Kasus Pengadaan Pesawat Garuda, Total Nilai Suap Lebih dari Rp100 Miliar

PERISTIWA | 19 Agustus 2019 22:24 Reporter : Merdeka

Merdeka.com - Komisi Pemberantasan Korupsi (KPK) terus mengembangkan kasus dugaan suap pengadaan pesawat dan mesin pesawat dari Airbus SAS dan Rolls-Royce PLCC pada PT Garuda Indonesia.
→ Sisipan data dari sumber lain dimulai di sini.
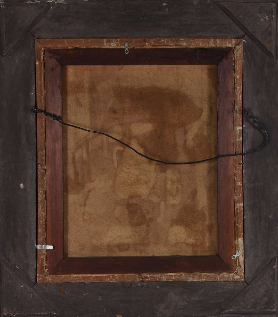 Placa sacra com rosto de Cristo em metal e moldura de madeira.

Juru Bicara KPK Febri Diansyah mengatakan, tim lembaga antirasuah sudah mengidentifikasi dugaan suap lainnya terkait pembelian pesawat Airbus, ATR (Avions de Transport Regional) dan pesawat Bombardier.

"Total nilai suap yang mengalir pada sejumlah pihak, termasuk tersangka yang telah teridentifikasi sampai saat ini adalah sekitar Rp 100 miliar dalam bentuk berbagai mata uang, mulai dari Rupiah, USD, EURO, dan SGD," ujar Febri di Gedung KPK, Kuningan, Jakarta Selatan, Senin (19/8).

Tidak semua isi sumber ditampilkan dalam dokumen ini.